Clinical Laboratory, The Sixth Affiliated Hospital of Wenzhou Medical University, Lishui People's Hospital, Lishui City, China.
Department of Critical Care Medicine, The Sixth Affiliated Hospital of Wenzhou Medical University, Lishui People's Hospital, Lishui City, China.
Immun Inflamm Dis. 2023 Aug;11(8):e965. doi: 10.1002/iid3.965.
This study endeavored to investigate the role of DOCK8 in modulating the immune function triggered by sepsis.
Expression of DOCK8 in the whole blood of sepsis patients and its enrichment pathways were assayed by bioinformatics. Pearson analysis was used to predict the relationship between glycolytic signaling pathway and its relevance to neutrophil function in sepsis. A sepsis mouse model was then built by performing cecal ligation and puncture treatment on male mice. Neutrophils were isolated, and their purity was tested by flow cytometry. Neutrophils were then stimulated by lipopolysaccharide to build a sepsis cell model. Next, quantitative reverse transcription polymerase chain reaction and CCK-8 were applied to test the expression of DOCK8 and cell viability, western blot to assay the expression of HK-2, PKM2, and LDHA proteins, ELISA to measure the concentrations of TNF-α, IL-1β, and IL-6, Transwell to detect the chemotaxis of neutrophils and flow cytometry to detect the phagocytic activity of neutrophils. Finally, in different treatment groups, we used Seahorse XF 96 to analyze the extracellular acidification rate (ECAR) of sepsis cells and used enzyme-linked immunosorbent assay to detect the contents of pyruvic acid, lactic acid, and ATP in sepsis cells.

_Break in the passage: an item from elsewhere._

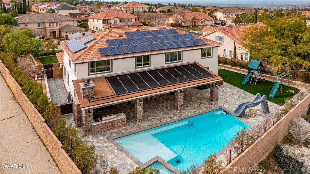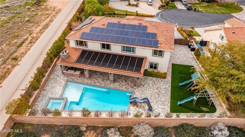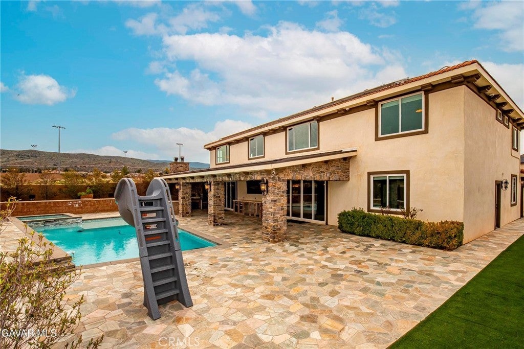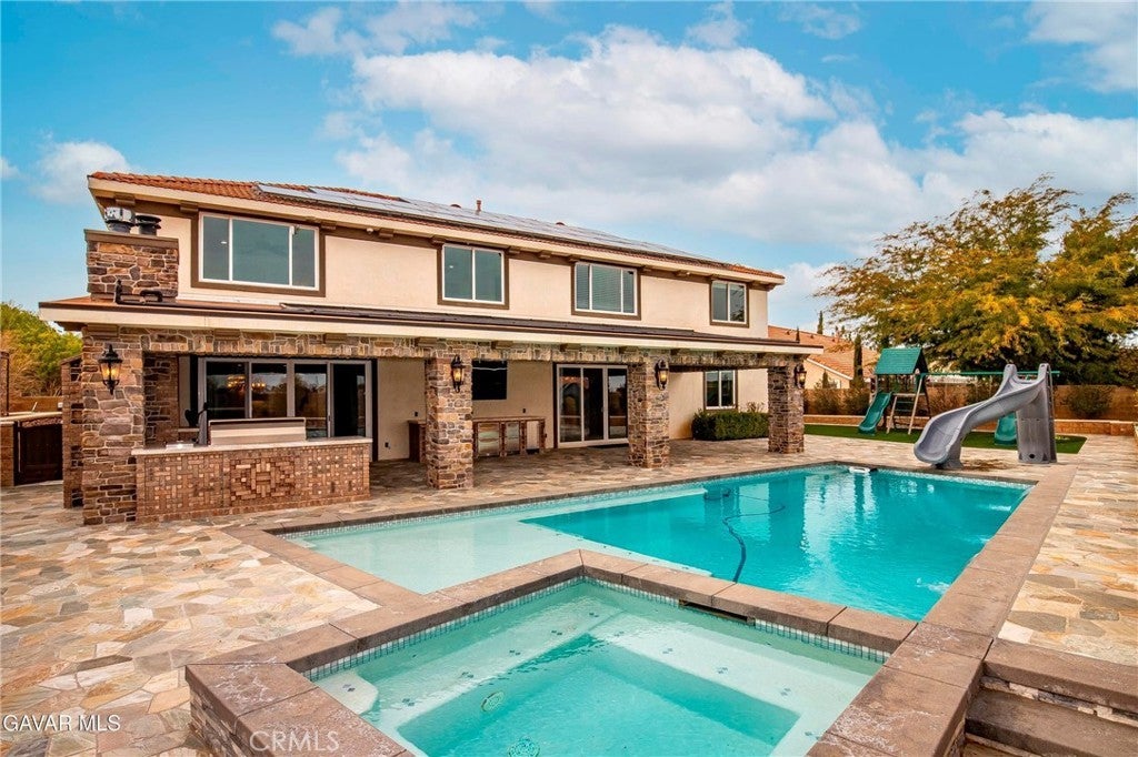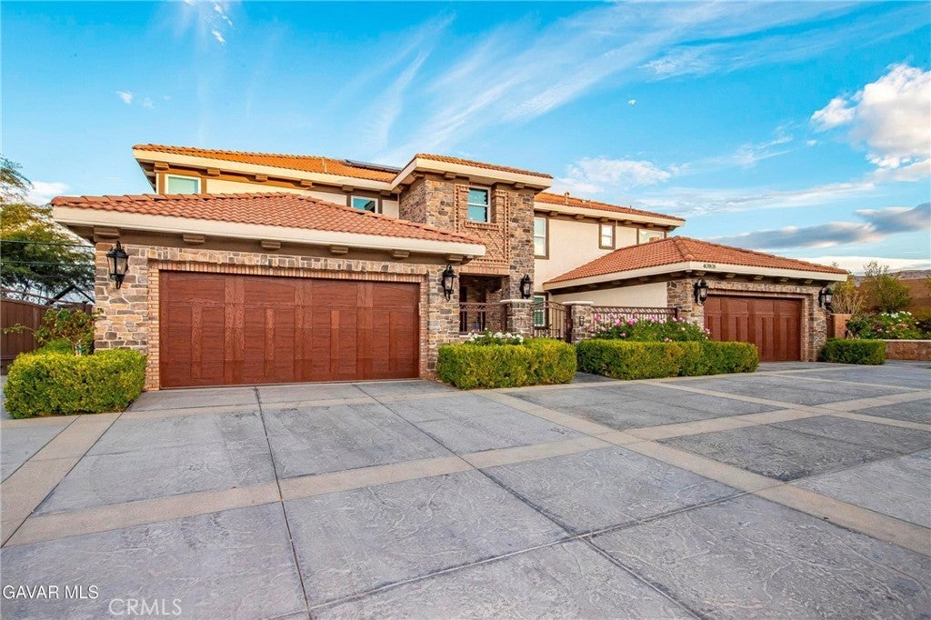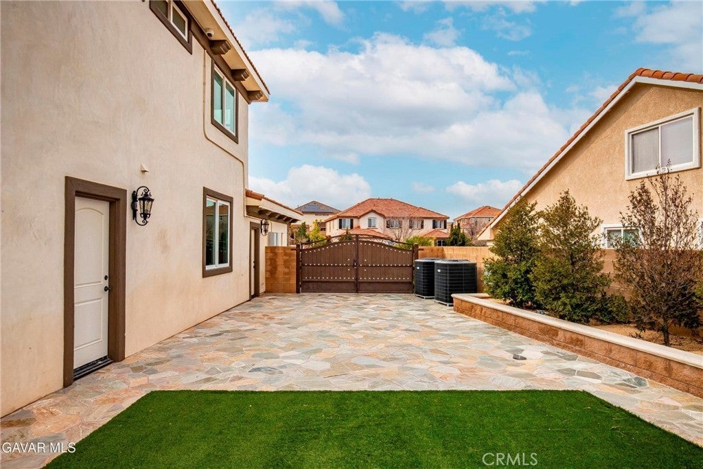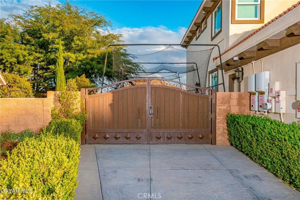 SPECTACULAR HIGHLY CUSTOMIZED HOME IN WEST PALMDALE GATED COMMUNITY Ready For Your Family! You'll love the Attention to Detail. An Expansive Parking area, Concrete with Decorative Banding accented with Rock Accents and Attractive Landscaping on 3 Sides. You enter the Home through the Gated Courtyard Entry. From the Oversized Solid Wood Door through to the back yard Outdoor Kitchen you will see that no money was spared. The Open Floorplan Concept which includes Large Living and Dining Rooms plus a Huge Entertainment and Bar Area are great all Impressive. And the Kitchen! Wow. It will knock your socks off. Rich Knotty Alder Cabinets with Thick Stone Countertops. Wolf Appliances include 60 Inch Range with Double Ovens and Griddle. There are 2 Dishwashers, a Microwave plus separate Convection Oven. The cook in the house will be amazed at the Huge Butler's Pantry with Lots of Work Area, a Utility Sink, Room for a second Refrigerator and Freezer and lots of Pantry Shelving. And the Doors are built to Integrate with the Kitchen Cabinets. Downstairs there are 2 Bedrooms and a Bathroom with access to outside (Pool Bath). Upstairs is a Loft TV/Game Room great for family gatherings. You will love this Huge Master Bedroom, the 3 Walkin Closets are finished with Custom Builtins. All Bathrooms have been Upgraded. Did I mention the Laundry Room. It is already set up with 2 Washing Machines and 2 Dryers neatly stacked in the Builtin Cabinets. There is a Utility Sink and Lots of Work Space and of course, all Cabinets are Knotty Alder. Outside if made for entertaining: Huge Covered Patio with Recessed Lighting, Ceiling Fans, Large Gas BBQ plus Green Egg BBQ, Pizza Oven, Refrigerator, Chilling Drawers and Ice Maker. The Inground Pool with Raised Spa is the focal point of this Lovely Yard. All Flatwork under the Patio, around the Pool and more is Rich Natural Flagstone. This outdoor space perfectly compliments the gorgeous interior for GREAT INDOOR/OUTDOOR LIVING! Don't miss it!

DOCK8 was downregulated in sepsis blood and activated neutrophils. Aerobic glycolysis was positively correlated with sepsis. Activated neutrophils promoted the expression of inflammatory factors TNF-α, IL-1β, and IL-6. Low expression of DOCK8 facilitated the proliferation, chemotaxis, and phagocytic activity of sepsis cells and promoted the expression of inflammatory factors. Bioinformatics analysis revealed that DOCK8 was enriched in the glycolytic signaling pathway. Low expression of DOCK8 induced ECAR, promoted the protein expression of HK-2, PKM2 and LDHA, and favored the increase of pyruvate, lactate, and ATP contents. While 2-DG treatment could restore these effects.
DOCK8 may inhibit sepsis-induced neutrophil immune function by regulating aerobic glycolysis and causing excessive inflammation, which helps to explore potential therapeutic targets.
本研究旨在探讨 DOCK8 在调节脓毒症引发的免疫功能中的作用。
通过生物信息学检测脓毒症患者全血中 DOCK8 的表达及其富集途径。采用 Pearson 分析预测糖酵解信号通路与脓毒症中性粒细胞功能的相关性。然后对雄性小鼠进行盲肠结扎穿刺处理,建立脓毒症小鼠模型。分离中性粒细胞,流式细胞术检测其纯度。用脂多糖刺激中性粒细胞,建立脓毒症细胞模型。然后采用 qRT-PCR 和 CCK-8 检测 DOCK8 的表达和细胞活力,Western blot 检测 HK-2、PKM2 和 LDHA 蛋白的表达,ELISA 检测 TNF-α、IL-1β 和 IL-6 的浓度,Transwell 检测中性粒细胞的趋化作用,流式细胞术检测中性粒细胞的吞噬活性。最后,在不同处理组中,我们使用 Seahorse XF 96 分析脓毒症细胞的外酸化率(ECAR),并使用酶联免疫吸附测定法检测脓毒症细胞中丙酮酸、乳酸和 ATP 的含量。
DOCK8 在脓毒症血液和激活的中性粒细胞中下调。有氧糖酵解与脓毒症呈正相关。激活的中性粒细胞促进 TNF-α、IL-1β 和 IL-6 等炎症因子的表达。DOCK8 低表达促进脓毒症细胞的增殖、趋化和吞噬活性,并促进炎症因子的表达。生物信息学分析显示,DOCK8 富集在糖酵解信号通路中。DOCK8 低表达诱导 ECAR,促进 HK-2、PKM2 和 LDHA 蛋白的表达,并有利于丙酮酸、乳酸和 ATP 含量的增加。而 2-DG 处理可以恢复这些作用。
DOCK8 可能通过调节有氧糖酵解和引起过度炎症来抑制脓毒症引起的中性粒细胞免疫功能,有助于探索潜在的治疗靶点。